The content of this article was relevant at the time of publishing. Circumstances change continuously and caution should therefore be exercised when relying upon any content contained within this article.

You’re reading a free article with opinions that may differ from The Motley Fool’s Premium Investing Services. Become a Motley Fool member today to get instant access to our top analyst recommendations, in-depth research, investing resources, and more. Learn More.

The market capitalisation of Sirius Minerals (LSE: SXX)  runs at an eye-watering £1.44bn or so. The company is developing the world’s largest and highest-grade deposit of polyhalite, which is used to make fertiliser, and the valuation seems to have been run up as other organisations sign up to agreements to purchase the end product.

But the firm has yet to produce a single pound in revenues or profits and has a huge, capital-intensive mine and infrastructure building project ahead of it. A lot could work out differently than planned and the stock remains highly speculative.

Is it time to take profits?

Since March, the share price is up more than 80% at today’s 33p. If you were holding back in the spring around 18p, this has been a good speculation, but it wouldn’t surprise me to see the shares back down where they started at some point. Maybe a good tactic would be to take profits, if you have them, perhaps recouping your initial investment and leaving some of your winnings to capture any more upside that may materialise.

However, if I held the shares I’d cash in my blessings and plough the proceeds into another opportunity such as low-cost airline operator Wizz Air Holdings (LSE: WIZZ), which strikes me as a less risky prospect.

Wizz Air sports a similarly sized market cap as Sirius Minerals at around £1.3bn, and the firm is profitable, has growth on the agenda, and sports a modest-looking valuation. Today’s 2,276p share price throws up a forward price-to-earnings (P/E) ratio of just over 11 for the year to March 2019 and City analysts following the firm reckon earnings will improve by 13% during this trading year and again next year.

Solid operational progress

The valuation strikes me as undemanding and operational progress seems solid. In May, with the full-year results announcement, chief executive József Váradi told us that passenger numbers increased 19% year-on-year against a trading environment of very low fares and increasing fuel prices. This trading environment appears to drive customers to the firm’s ultra-low-cost business model.

Mr Váradi reckons Wizz Air is well placed to grow its market share in Central and Eastern Europe and pledges that the firm will continue to expand our route network, drive efficiency in our operating model, grow our ancillary revenue streams and enhance our compelling customer proposition.”

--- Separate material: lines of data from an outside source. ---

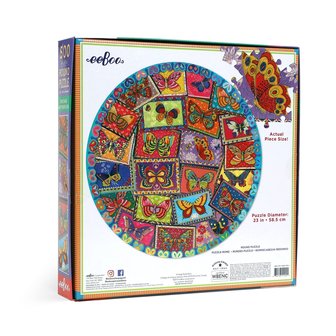 Beautiful puzzle by Fumiha Tanaka. Round puzzle with a diameter of 58,5 cm. Round puzzle. This collage of the colorful butterfly and moth family will enchant any puzzler. Featuring art by Fumiha Tanaka.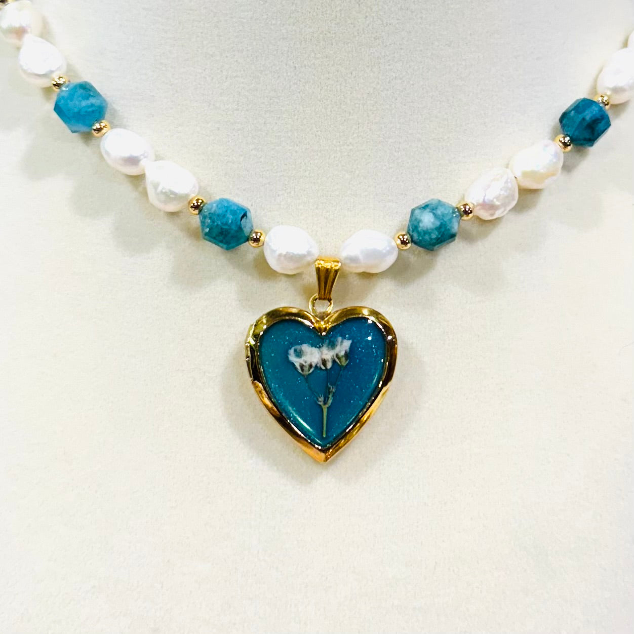 this piece contains real dried flowers , created with love and magic. gold heart-shaped locket. genuine freshwater pearls and crystals. please keep in mind that these are all handmade using real flowers. colors and flower size/shape can vary from piece to piece. each piece is unique, no two will be exactly the same, only very very similar 🫶🏽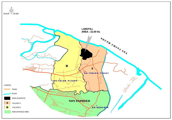 The exposed subjects were residents within a 1 km radius of the dumpsite [17]. The two villages that surround the dumpsite were included. The population data of residents in those villages were provided by the Health Department. The data showed that village A had 223 houses with 976 residents while village B had 260 houses with 1281 residents. Approximately 483 inhabited households were in the defined area with a radius of 1 km. The non-exposed subjects were residents between a 2.5 and 4.0 km radius from the dumpsite. One village was selected for the non-exposed area which had 371 houses with 1760 residents. The village is right next to the exposed villages and chosen because we would like to control the similarity of other environmental exposures other than the dumpsite, such as industrial activities, roads, and motor vehicles. The maps of the dumpsite and selected villages provided by the Kelantan Department of Survey and Mapping are shown in Figure 1 and Figure 2.

Putting figures to the expansion plan, the top director reckons Wizz Air will increase capacity by around 23% and carry nearly 30m passengers during 2018. That sounds promising, but today the shares eased back a little on the news that Phoenix-based Indigo Partners sold its entire 18.7% stake in the budget carrier through an accelerated bookbuild to institutional investors.

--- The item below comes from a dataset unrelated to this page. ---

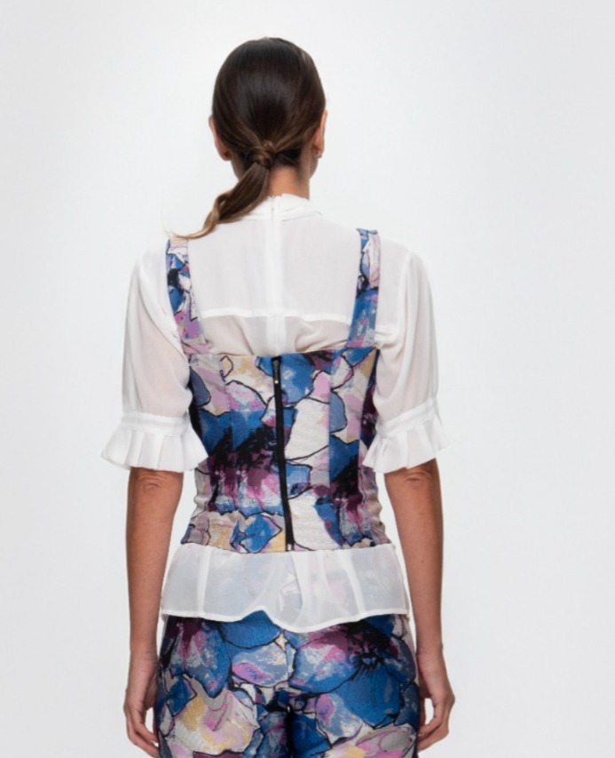 Destaque-se com elegância usando nosso Top Jacquard Azul!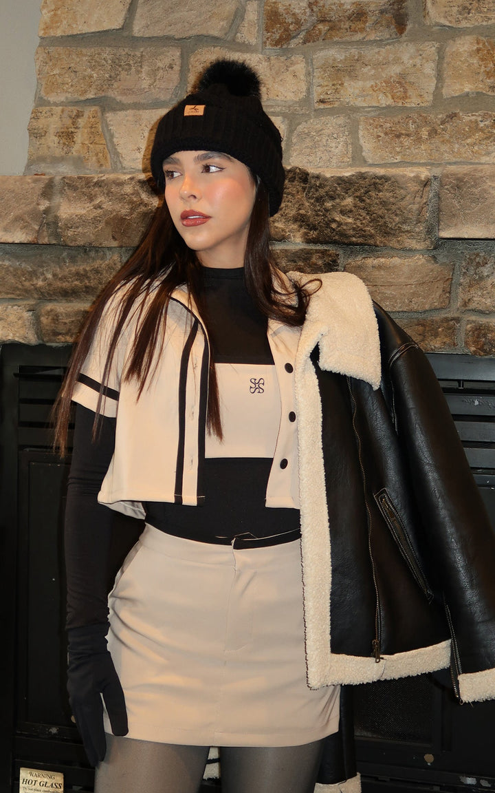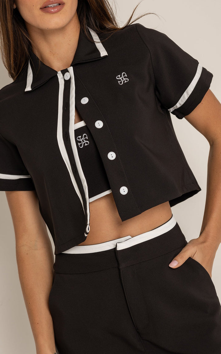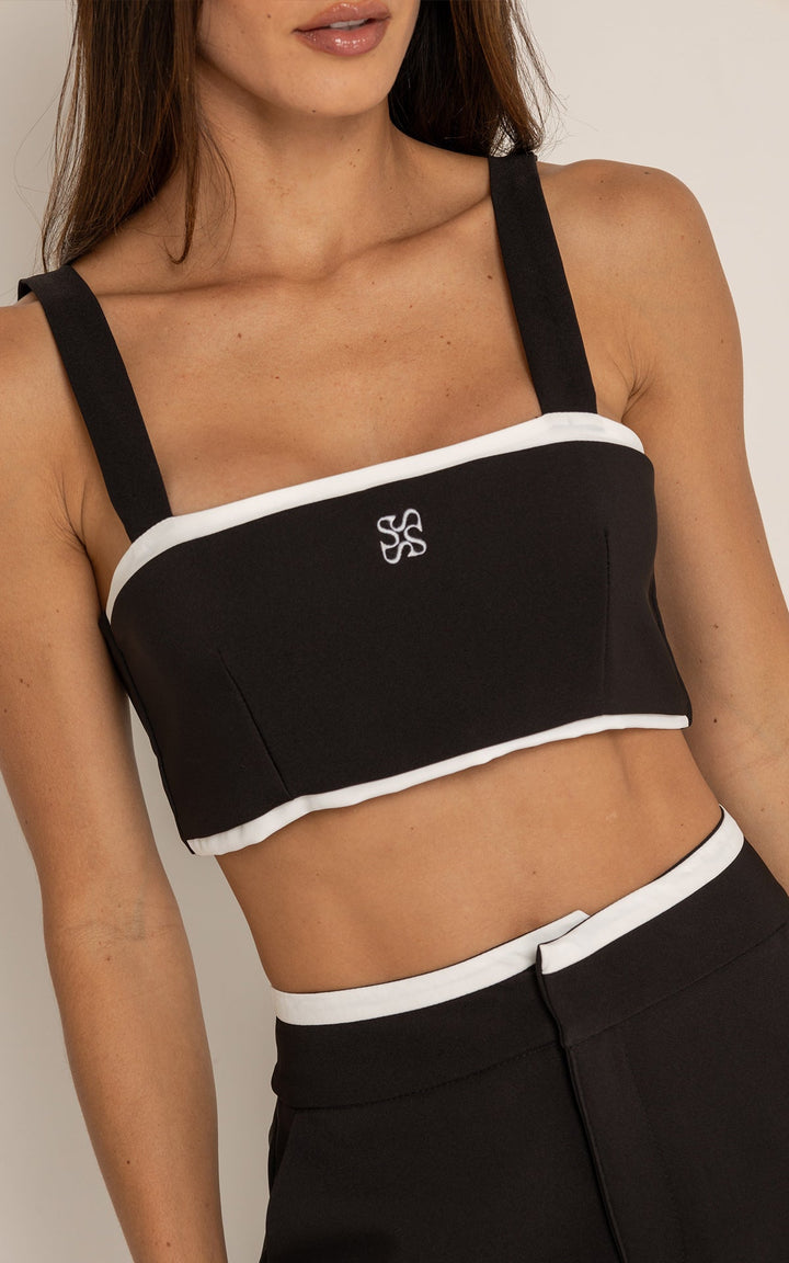 • Croptop: Confeccionado en tela ajustada, incluye un cierre atras funcional y bordado central que resalta el estilo minimalista.

Investors, even big ones, sell shares in companies for many different reasons and the big positive I take from this move is that Indigo’s shares in WIZZ Air were swiftly snapped up by other institutions. To me, any lingering share price weakness over this placement could be a decent opportunity for investors to buy even better value.

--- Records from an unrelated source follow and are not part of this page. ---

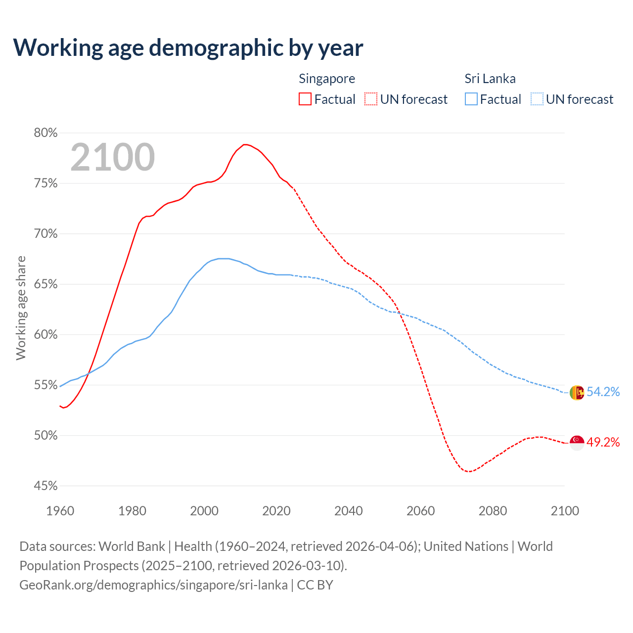 - Singapore has 4.57M working age adults (aged 15-64) vs 14.6M in Sri Lanka.
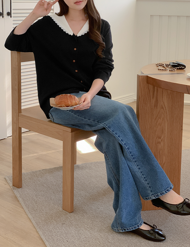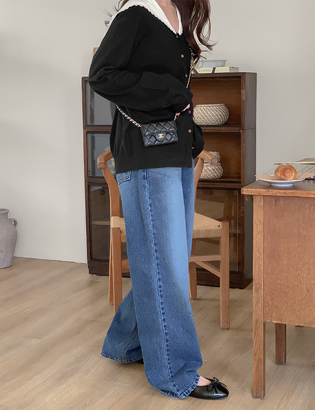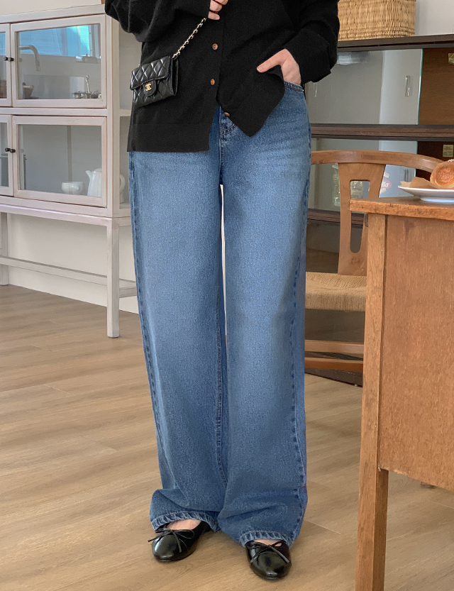 데이븐 シンプル ウォッシュ ワイド デニム パンツ 86321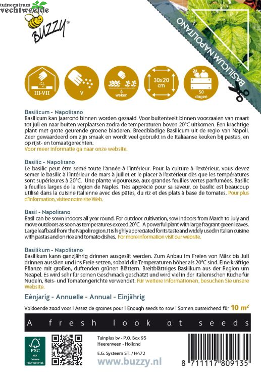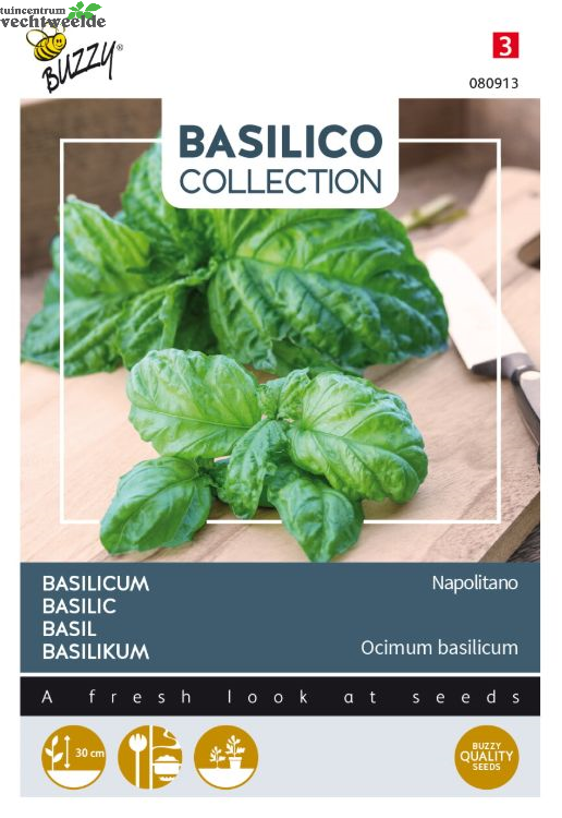 Een krachtige plant met grote geurende groene bladeren. Breedbladige Basilicum uit de regio van Napoli. Zeer gewaardeerd om zijn smaak en wordt veel gebruikt in de Italiaanse keuken bij pasta’s, en op rijst- en tomaatgerechten.

Kevin Godbold owns shares in Wizz Air Holdings. The Motley Fool UK has no position in any of the shares mentioned. Views expressed on the companies mentioned in this article are those of the writer and therefore may differ from the official recommendations we make in our subscription services such as Share Advisor, Hidden Winners and Pro. Here at The Motley Fool we believe that considering a diverse range of insights makes us better investors.

More on Investing Articles

Black woman using smartphone at home, watching stock charts.
US Stock

3 huge pieces of news that could impact the Nvidia share price

Jon Smith talks through some key reveals and implications for the Nvidia share price from the company conference taking place…

Read more »

Three signposts pointing in different directions, with 'Buy' 'Sell' and 'Hold' on
Investing For Beginners

This FTSE stock is now trading at the lowest level since the 1990s! Should I buy?

Jon Smith explains why a FTSE share is currently at multi-decade lows and might surprise some with his decision on…

Read more »

Businessman with tablet, waiting at the train station platform
Investing Articles

Down 21% in less than 2 months, this FTSE small-cap stock’s worth a look today

Despite rising 8% yesterday, this 177p growth stock from the FTSE AIM 100 Index is significantly lower than where it…

Read more »

Hand of person putting wood cube block with word VALUE on wooden table
Investing Articles

Down 78% with a P/E of 6.5, is this a rare chance to buy a cheap UK share?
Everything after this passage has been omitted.